Compounds were extracted according to a sample preparation protocol previously published with minor modifications47. Briefly, 5 mL of wine were placed into a 15 mL PTFE centrifuge tube and acidified with FA (1%). Then, 2.5 mL MeCN were added and the tube hand-shaken 30 s. Phase separation was achieved by adding 1.5 g of NaCl and 4 g of MgSO4. The tubes were hand-shaken 1 min and centrifuged 10 min at 8000 rpm (6450 rcf). Afterwards, 1 mL aliquot of the upper MeCN phase was transferred to a 2 mL clean-up tube containing 150 mg CaCl2, 50 mg PSA and 50 mg C18 for dispersive solid-phase extraction (d-SPE). The mixture was vortexed 30 s and centrifuged 2 min at 12,000 rpm (8400 rcf). Lastly, an aliquot of 500 μL extract was evaporated to dryness under gentle N2 stream, the residue reconstituted with 500 μL of initial mobile phase and analysed by HPLC–DAD.

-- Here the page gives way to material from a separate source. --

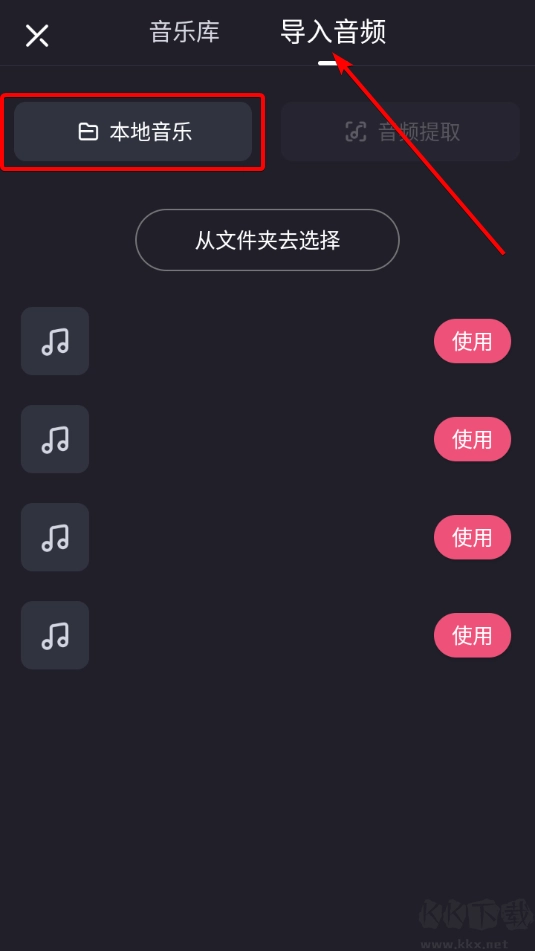 4、轻点顶部的“导入音频”选项,随即就能看见本地音乐,接着点击“使用”按钮完成导入操作。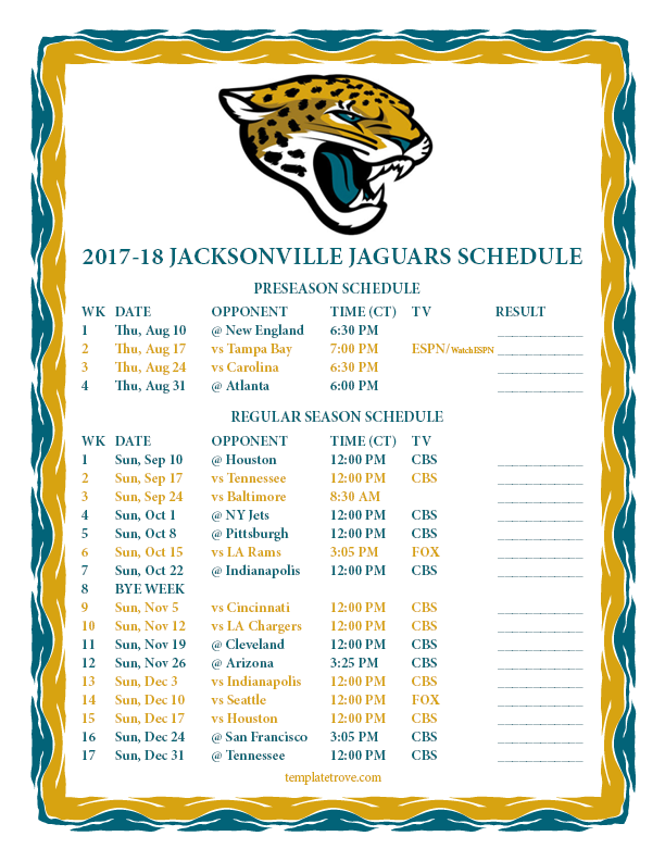 Keep up with the Jacksonville Jaguars in the 2017-18 season with

Chromatographic separations were carried out in reversed-phase Kinetex C18 column (3.0 × 100 mm, 2.6 µm) Phenomenex. The mobile phases were ultrapure water with 0.1% FA (A) and MeCN (B). Separation of analytes was performed using the following gradient: 0–1.7 min, 5% B; 1.7–10 min, 30% B; 10–13.5 min, 95% B; 13.5–15 min, 95% B; 15–16 min, 5% B: 16–19, 5% B. The mobile phase flow was 0.8 mL min-1. The column temperature was 35 °C and the injection volume 5 µL. LMW-PCs present in samples were quantified by using external calibration with pure authentic standards. Linear ranges between 0.25 and 40 mg L−1 with coefficient of determination (r2) higher than 0.998 were obtained for all the studied compounds.

Data analysis

Data were analysed using software platform R 4.0.2 (R Foundation 3.1. for Statistical Computing, 2020)48. The PCs were analysed by Zones, Departments, parcels and vintages using one-way ANOVAs. Tukey honestly significant difference (HSD, 5% level) test was applied to PCs data to determine significant differences between the Zones, Departments, parcels and vintages. The relationship between di-hydroxylated and tri-hydroxylated compounds and GDD was analysed using a linear mixed-effect model with lmer function from the package lme449and lmerTest50 with GDD and vintages (with interactions) as fixed factors, and nested parcels in the departments as random factors. To know if there were significant differences between the slopes of the vintages, the emmeans package was used in R51. PCA was applied to the wine phenolic composition to visualize the vintage effect using FactoMineR and factoextra packages52,53. The PLS-DA method was used to establish prediction models based on the anthocyanins and LMW-PCs content, the effect of vintage and regions (Zones andDepartments), using the mixOmics package54. Validation was performed using 66.6% of the data to train the model with the remaining data being employed to create the confusion matrix table. Balanced Error Rate (BER) was used to evaluate the classification performance, where the lower the error rate the better the performance. The heatmap used for parcel comparison was designed using pheatmap package55. Cluster analysis was constructed using Euclidean and Ward.D2 clustering technique and visualized using FactoMineR and factomine packages52,53. To find out which parcels can be predicted using PCs, Random Forest (RF) classification method was used with the randomForest package56. The validation and model test used 33% of the data not included in the initial model.